Direct growth and photoluminescence of silicon nanowires without catalyst

, , ,
a Oman National Commission for Education, Culture and Science, Ministry of Education, P.O. Box: 3, P.C: 100, Oman
b Department of Physics, Faculty of Science, University Malaya, 50603 Kuala Lumpur, Malaysia

⁎Corresponding author. Tel.: +968 97322544. majidruq@yahoo.com (Majid Salim Al-Ruqeishi)

Received: , Accepted: ,
© The Author(s) 2013
Disclaimer:
This article was originally published by Elsevier and was migrated to Scientific Scholar after the change of Publisher.

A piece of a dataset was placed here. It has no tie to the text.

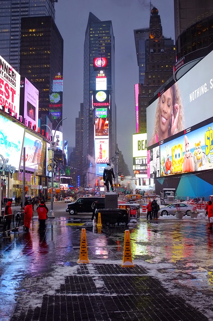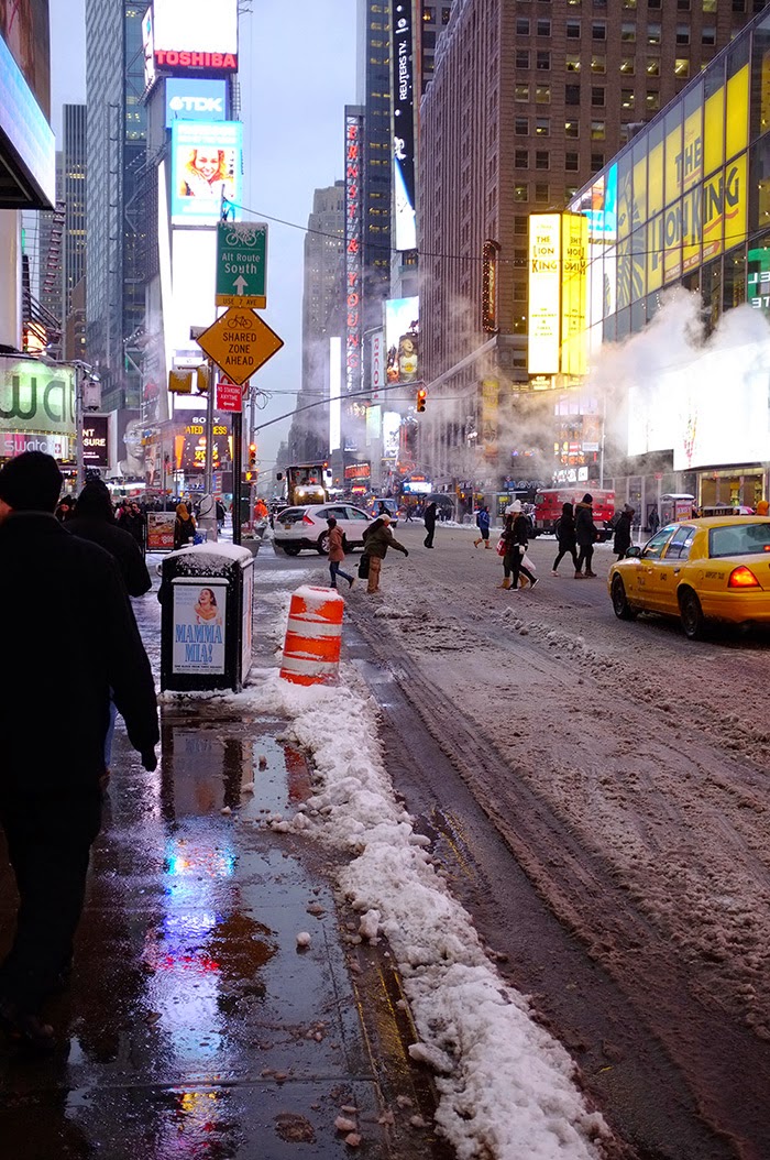 Here are some pictures from the snowy Times Square today:

Peer review under responsibility of King Saud University.

Abstract

One-dimensional (1D) silicon nanowires (SiNWs) were fabricated on catalyst free Si (1 0 0) substrate using a thermal evaporation method. Based on SVLS growth mechanism, the obtained SiNWs were 30 to 265 nm in diameter and 1.7 μm to several tens of microns in length. It was found that the presence of graphite powder only is enough to accomplish growth. A systematic study of how the growth conditions, such as the Ar carrier gas flow rate, and the growth time was performed. There are five resultant PL peaks: two blue emission peaks 465 nm (2.67 eV) and 482 nm (2.57 eV) and two green bands centered at 502 nm (2.47 eV) and 526 nm (2.36 eV) and one ultraviolet emission peak at 350 nm (3.54 eV). The theory behind these emissions was discussed.

Keywords

Si nanowires
SVLS growth mechanism
Thermal evaporation
1

1 Introduction

Recently one-dimensional materials such as silicon nanowires (SiNWs) have stimulated much interest because of their different electronic and optical characteristics compared with bulk materials (Duan et al., 2001; Xia et al., 2003; Sha et al., 2002; Niu et al., 2003). Many potential novel applications of SiNWs have been reported, including p–n junction (Cui and Lieber, 2001) and chemical sensors (Zhou et al., 2003). The electrical transport properties (Hu et al., 2003) and noise characteristics (Macucci et al., 2002) of SiNWs have also been reported. Various fabrication methods, including laser ablation (Kokai et al., 2013), chemical vapor deposition (Kong et al., 2011), and thermal evaporation (Ahmad and Hutagalung, 2011), have been used to produce Si nanowires via a vapor–liquid–solid (VLS) process requiring Si source materials. In most studies catalyst based growth is widely used (Liu et al., 2001; Wang et al., 2002, 2003; Chen et al., 2001; Wu et al., 2001; Takikawa et al., 1999; Suzuki et al., 2007; Zheng et al., 2002; Pan et al., 2002), while few reported the growth of SiNWs on the non-catalyst substrates (Peng et al., 2002; Dai et al., 2002, 2003; Hu et al., 2003). Hence, some studies reported that the growth of SiNWs can be explained by the solid–liquid–solid (SLS) mechanism Morales and Lieber, 1998; Liu et al., 2001; Wang et al., 1998; Yan et al., 2000; Yu et al., 2001; Paulose et al., 2003, were silicon atoms diffuse only from the substrate, but from thermodynamics point of view, Djamila and Perrot (2007) report that the SLS theory is not enough to explain the continued growth for too long wires, so they suggested the solid–vapor–liquid–solid (SVLS) growth mechanism. SVLS mechanism postulated the presence of SiO in the gaseous phase when the temperature ⩾900 °C. Carter et al. (2001), found using carbon monoxide (CO) and carbon dioxide (CO2) gases at 1130 °C led to rapid growth of crystalline SiO2 nanofibers (Carter et al., 2001; Zhu et al., 1998).

(1)
CO 2 ( g ) + Si ( s ) CO ( g ) + SiO ( g )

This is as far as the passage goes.